# faimm
Random access to indexed fasta using a memory mapped file.
# Usage
This crate provides indexed fasta access by using a memory mapped file to read
the sequence data. It is intended for accessing sequence data on genome sized
fasta files and provides random access based on base coordinates. Because an
indexed fasta file uses a limited number of bases per line separated by
(sometimes platform-specific) newlines you cannot directly use the bytes
available from the mmap.
Access is provided using a view of the mmap using zero-based base coordinates.
This view can then be used to iterate over bases (represented as `u8`) or
parsed into a string. Naive GC counting is also available.
Access to the sequence data doesn't require the `IndexedFasta` to be mutable.

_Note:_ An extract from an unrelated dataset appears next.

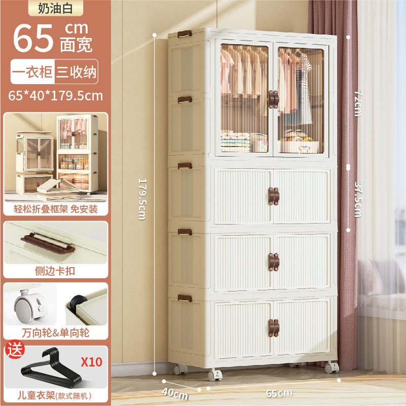 • 65CM 얼굴 너비-1 층 옷장 + 3 층 저장 상자-크림 화이트 [10 옷걸이 보내기]]
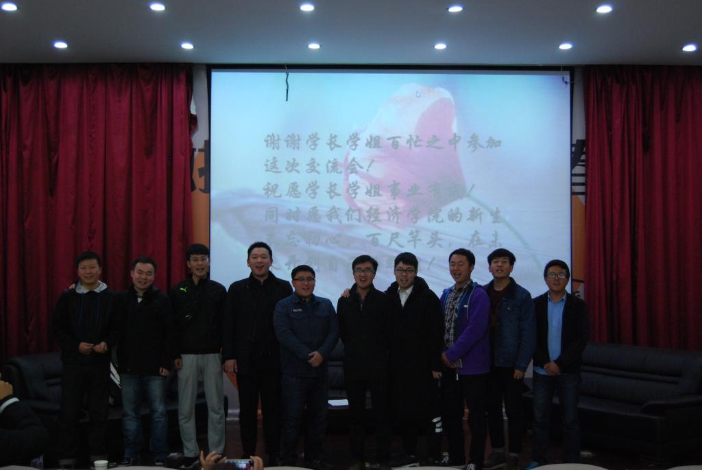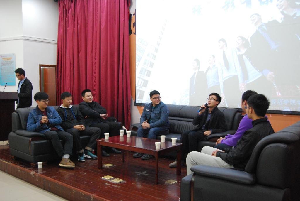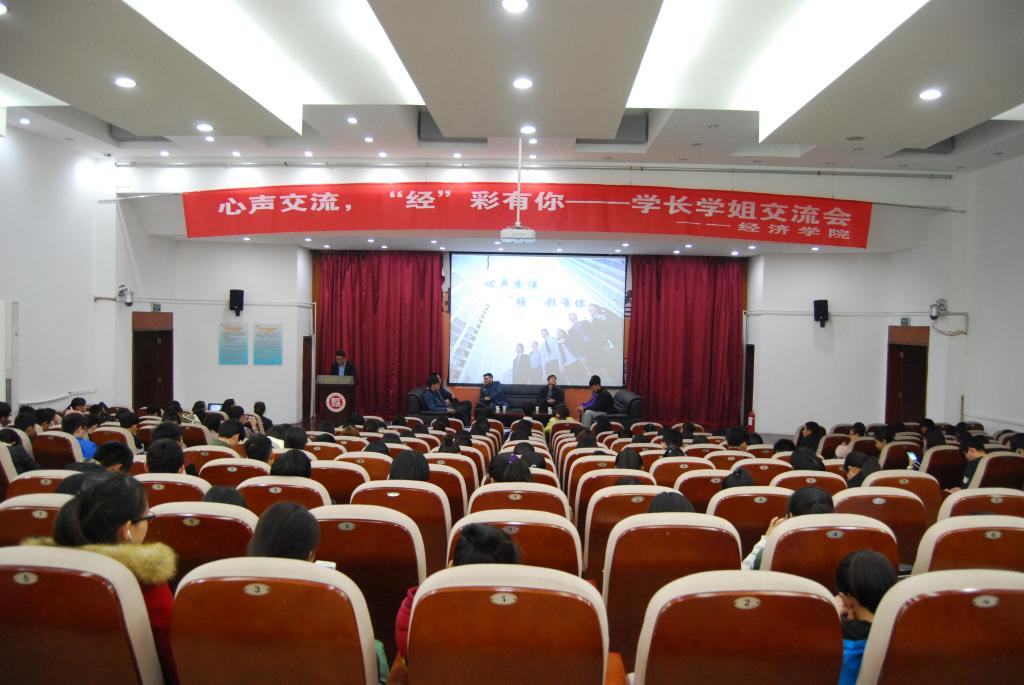 一段以“活在当下,时间会说明一切”为主题的短片拉开交流会的序幕,各级校友依次亮相交流会并发表感悟。现供职于河南省国有资产控股运营集团有限公司,2009级孙硕,向同学们讲述了大学所学知识与工作的相关性,他指出工作所运用的不一定是大学所学的理论知识,而是锻炼出来的思维能力,劝导学生培养独立思考的能力,形成全面思维。现供职于交通银行,2012级杜明阳,他倡导在校学生积极参与各类的社团活动,参加社会实践,形成自我认知进而认识世界,鼓励大家相信自己,选择适合自己的道路,找到属于自己的人生轨迹。此外,供职于邯郸市国资委的2008级李腾,供职于华夏银行的2010级周游,供职于郑州银行的2011级马浩森,就读于英属哥伦比亚大学的2012级包靖钰及2013级罗时东,依次发表感言,为在场学生提供有益指导,同时解答学生的疑难困惑,在场学生纷纷表示获益匪浅。

This makes it easy to share.
## Example
```rust
use faimm::IndexedFasta;
let fa = IndexedFasta::from_file("test/genome.fa").expect("Error opening fa");
let chr_index = fa.fai().tid("ACGT-25").expect("Cannot find chr in index");
let v = fa.view(chr_index,0,50).expect("Cannot get .fa view");
//count the bases
let counts = v.count_bases();
//or print the sequence
println!("{}", v.to_string());
```
## Limitations
The parser uses a simple ASCII mask for allowable characters (64..128), does
not apply any IUPAC conversion or validation. Anything outside this range is
silently skipped. This means that also invalid `fasta` will be parsed. The mere
presence of an accompanying `.fai` provides the assumption of a valid fasta.
Requires Rust >=1.32
# Alternatives
[Rust-bio](https://crates.io/crates/bio) provides a competent indexed fasta
reader. The major difference is that it has an internal buffer an therefore
needs to be mutable when performing read operations. faimm is also faster. If
you want record based access (without an .fai index file)
[rust-bio](https://crates.io/crates/bio) or
[seq_io](https://crates.io/crates/seq_io) provide this.
# Performance
Calculating the GC content of target regions of an exome (231_410 regions) on
the Human reference (GRCh38) takes about 0.7 seconds (warm cache), slightly
faster than bedtools nuc (0.9s probably a more sound implementation) and
rust-bio (1.3s same implementation as example) Some tests show counting can
also be improved using SIMD, but nothing has been released.